Microban 24 wasn’t expected to be a major product before Procter & Gamble Co (P&G) introduced it in February. Then came COVID-19.
The sanitising spray — P&G’s answer to Lysol and Clorox — is in demand with the coronavirus pandemic causing a rush for household cleaning supplies. On Monday, Microban got perhaps its biggest vote of confidence yet, as the packaged-goods giant said the spray was approved by the US Environmental Protection Agency as effective in killing the virus that causes COVID-19.
Kevin Wenzel, vice-president of P&G’s North American Surface Care Design & Delivery unit, said in an interview that the product is “particularly important as we see sanitisation habits changing through the pandemic”.
While it doesn’t have the name recognition of its rivals, Microban is one of a small number of players in a hot-selling and closely watched category of consumer products.

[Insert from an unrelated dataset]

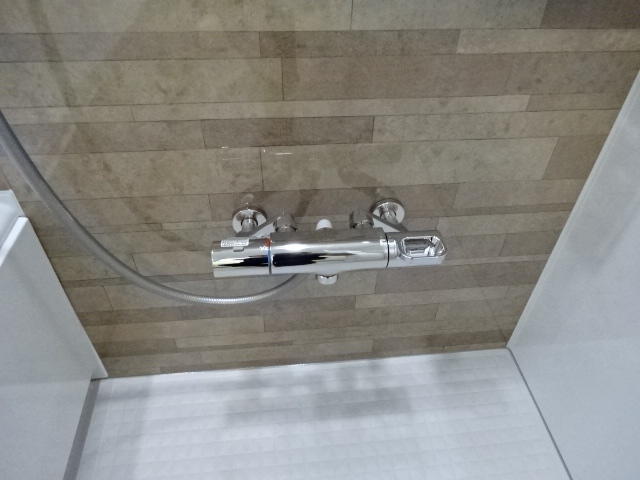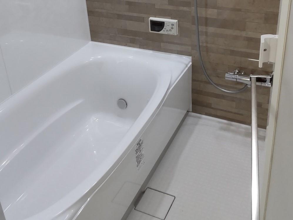 在来浴室からユニットバスへのリフォームは、断熱性や掃除のしやすさなどのメリットが大きいです。 今回お選びいただいた浴槽は、「ミナモ浴槽」といい、水面がどこまでも続くようなデザインで、心地よい全身入浴をかなえます。角が少ないので、お手入れもしやすいです。 お選びいただいたアクセントパネルも、とても素敵で落ち着いた空間になりました。
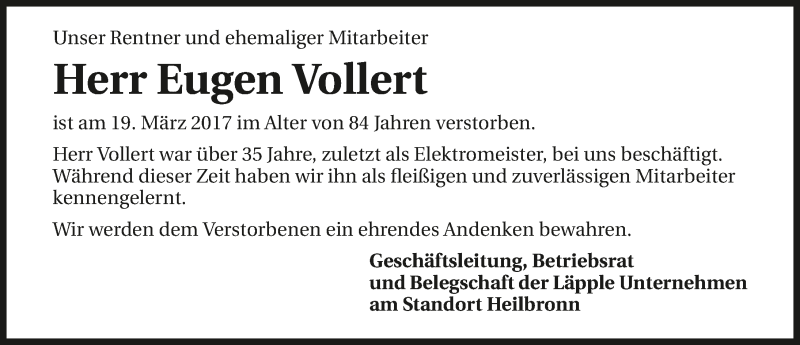 Hier finden Sie alle Traueranzeigen aus der Zeitung, die bisher für Eugen Vollert erschienen sind. Weitere Traueranzeigen, die in der Zeitung erscheinen, werden hier ebenfalls aufgelistet

Disinfectants have been one of the toughest items to find throughout the pandemic, even as toilet paper, soap and other supplies went out of stock and back in.

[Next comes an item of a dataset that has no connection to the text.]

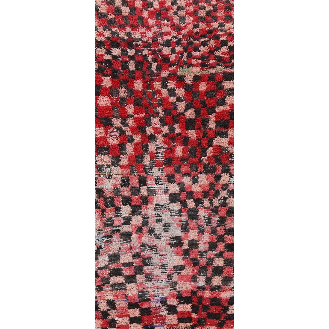 Vintage Checkered Moroccan Berber Runner Rug Hand-knotted Wool Carpet - 2'4" x 8'1"

Microban is already on pace to become a US$200 million-a-year seller, the company said. P&G, best known for household staples like Tide laundry detergent and Charmin toilet paper, cited soaring demand for home-care products last week as it posted its best quarter for organic sales growth in 15 years.

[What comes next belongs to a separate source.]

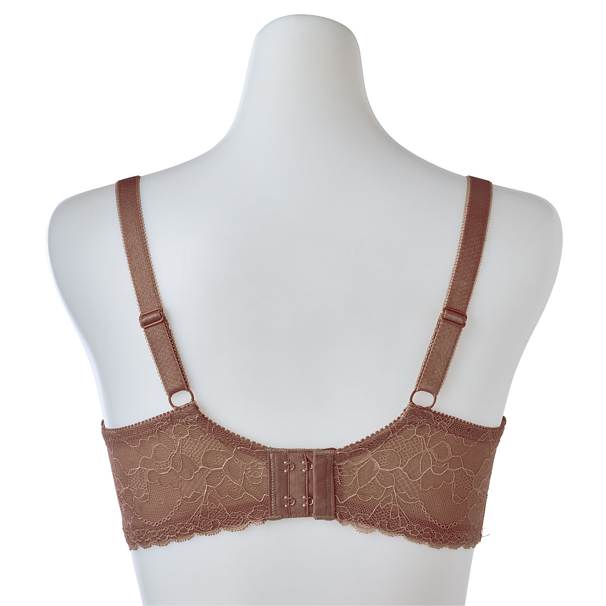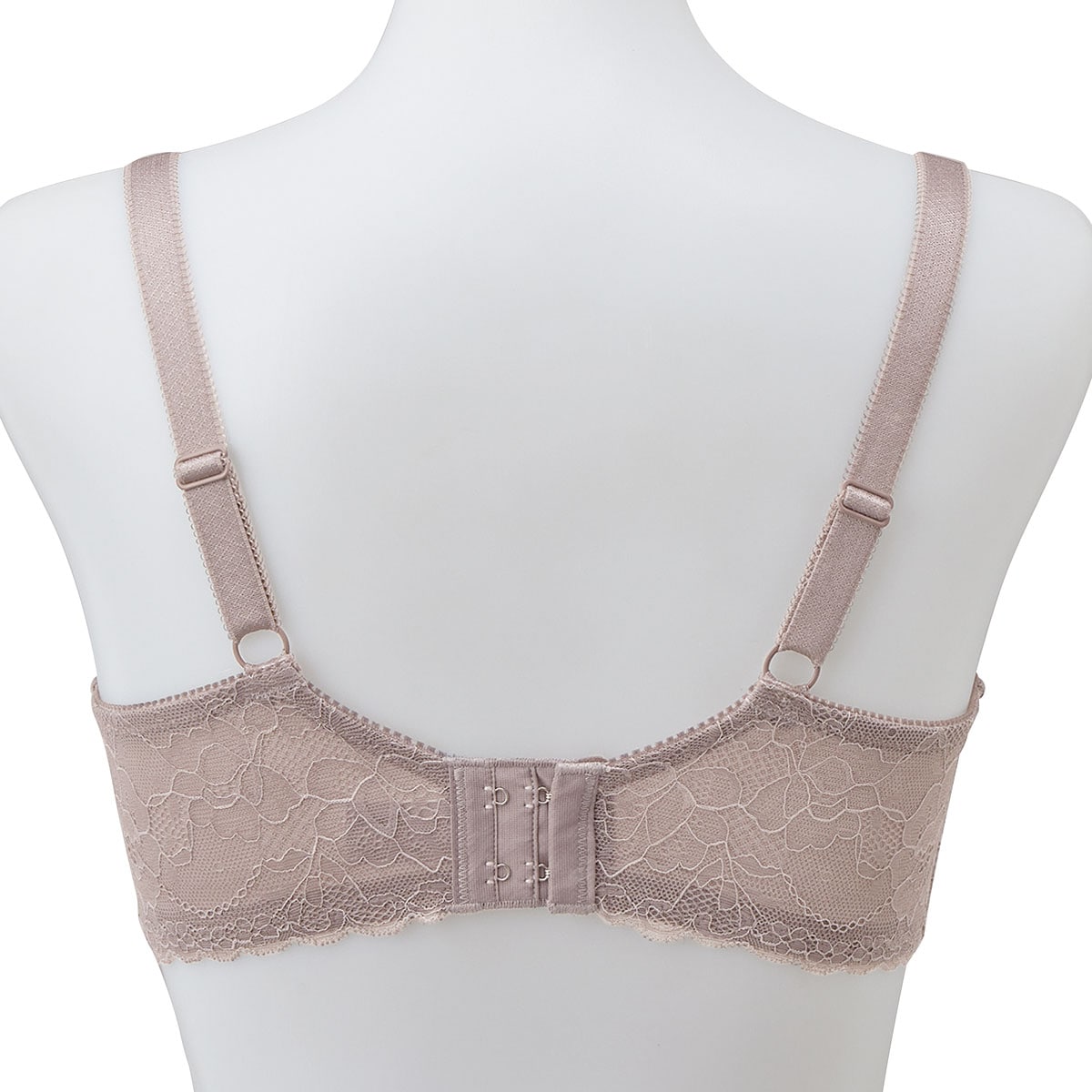 ローズグレー (1)約15mm~幅広ストラップ+肌側のポコポコでくい込みにくく、ズレにくい。(2)モールドカップ特有の厚みをなくし、グラマーバストにフィット。(3)空気がスーッと通る穴あきシームレスカップ(4)レース+パワーネットの裏当てで軽やかに安定。

The sanitising spray’s timely debut came with its own set of challenges. After a three-year development process, it was introduced just as the coronavirus outbreak was spreading across the globe. That created immediate urgency for P&G to “significantly expand” its manufacturing capacity to try to reduce out-of-stocks at retailers, Wenzel said.
Another priority was figuring out how to stand out in a category with such established competitors. With the EPA approval, Microban joins a select number of sprays, including products from Clorox Co and Reckitt Benckiser Group PLC’s Lysol brand, to be designated as effective against the virus that causes Covid-19. And Microban offers other features, Wenzel said, such as the ability to kill bacteria from multiple touches to a surface.
“We see this as meeting an unmet consumer need,” he said.
P&G shares fell 0.7 per cent to US$141.43 at 9:34 am in New York on Monday. The stock advanced 14 per cent this year through last Friday’s close, almost double the gain of the S&P 500 Index.